**Activity**
Each record must be retyped word for word.
════════════════════
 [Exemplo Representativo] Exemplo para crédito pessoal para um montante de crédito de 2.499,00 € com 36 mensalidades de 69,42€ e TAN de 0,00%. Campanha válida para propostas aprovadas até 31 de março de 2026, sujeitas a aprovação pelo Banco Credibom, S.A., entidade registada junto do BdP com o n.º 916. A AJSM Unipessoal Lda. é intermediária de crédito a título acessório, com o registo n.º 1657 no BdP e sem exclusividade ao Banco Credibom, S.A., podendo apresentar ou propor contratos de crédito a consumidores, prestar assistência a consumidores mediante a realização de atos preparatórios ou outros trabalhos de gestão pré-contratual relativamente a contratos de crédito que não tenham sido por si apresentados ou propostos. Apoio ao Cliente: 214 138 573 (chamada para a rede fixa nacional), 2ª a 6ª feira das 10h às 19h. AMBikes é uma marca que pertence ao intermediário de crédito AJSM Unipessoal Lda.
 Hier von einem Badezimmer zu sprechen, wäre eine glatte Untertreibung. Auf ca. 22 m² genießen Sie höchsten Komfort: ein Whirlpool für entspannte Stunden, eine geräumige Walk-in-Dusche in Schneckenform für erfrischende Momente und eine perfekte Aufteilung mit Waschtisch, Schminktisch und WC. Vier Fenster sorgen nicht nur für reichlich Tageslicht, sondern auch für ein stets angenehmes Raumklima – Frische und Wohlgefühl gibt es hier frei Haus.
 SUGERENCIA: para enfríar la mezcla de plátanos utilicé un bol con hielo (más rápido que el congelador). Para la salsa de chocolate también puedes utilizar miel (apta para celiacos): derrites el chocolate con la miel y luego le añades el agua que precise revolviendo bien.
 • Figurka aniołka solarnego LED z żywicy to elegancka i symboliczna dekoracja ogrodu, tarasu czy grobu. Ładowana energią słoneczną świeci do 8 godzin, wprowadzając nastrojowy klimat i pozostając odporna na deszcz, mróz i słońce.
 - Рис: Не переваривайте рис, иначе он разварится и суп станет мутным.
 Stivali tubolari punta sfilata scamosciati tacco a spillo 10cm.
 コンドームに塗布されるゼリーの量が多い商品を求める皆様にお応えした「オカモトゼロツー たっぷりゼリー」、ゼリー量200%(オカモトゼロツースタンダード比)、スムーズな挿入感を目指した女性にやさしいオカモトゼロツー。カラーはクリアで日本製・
════════════════════
**Finished exercise**
 [Exemplo Representativo] Exemplo para crédito pessoal para um montante de crédito de 2.499,00 € com 36 mensalidades de 69,42€ e TAN de 0,00%. Campanha válida para propostas aprovadas até 31 de março de 2026, sujeitas a aprovação pelo Banco Credibom, S.A., entidade registada junto do BdP com o n.º 916. A AJSM Unipessoal Lda. é intermediária de crédito a título acessório, com o registo n.º 1657 no BdP e sem exclusividade ao Banco Credibom, S.A., podendo apresentar ou propor contratos de crédito a consumidores, prestar assistência a consumidores mediante a realização de atos preparatórios ou outros trabalhos de gestão pré-contratual relativamente a contratos de crédito que não tenham sido por si apresentados ou propostos. Apoio ao Cliente: 214 138 573 (chamada para a rede fixa nacional), 2ª a 6ª feira das 10h às 19h. AMBikes é uma marca que pertence ao intermediário de crédito AJSM Unipessoal Lda.
 Hier von einem Badezimmer zu sprechen, wäre eine glatte Untertreibung. Auf ca. 22 m² genießen Sie höchsten Komfort: ein Whirlpool für entspannte Stunden, eine geräumige Walk-in-Dusche in Schneckenform für erfrischende Momente und eine perfekte Aufteilung mit Waschtisch, Schminktisch und WC. Vier Fenster sorgen nicht nur für reichlich Tageslicht, sondern auch für ein stets angenehmes Raumklima – Frische und Wohlgefühl gibt es hier frei Haus.
 SUGERENCIA: para enfríar la mezcla de plátanos utilicé un bol con hielo (más rápido que el congelador). Para la salsa de chocolate también puedes utilizar miel (apta para celiacos): derrites el chocolate con la miel y luego le añades el agua que precise revolviendo bien.
 • Figurka aniołka solarnego LED z żywicy to elegancka i symboliczna dekoracja ogrodu, tarasu czy grobu. Ładowana energią słoneczną świeci do 8 godzin, wprowadzając nastrojowy klimat i pozostając odporna na deszcz, mróz i słońce.
 - Рис: Не переваривайте рис, иначе он разварится и суп станет мутным.
 Stivali tubolari punta sfilata scamosciati tacco a spillo 10cm.
 コンドームに塗布されるゼリーの量が多い商品を求める皆様にお応えした「オカモトゼロツー たっぷりゼリー」、ゼリー量200%(オカモトゼロツースタンダード比)、スムーズな挿入感を目指した女性にやさしいオカモトゼロツー。カラーはクリアで日本製・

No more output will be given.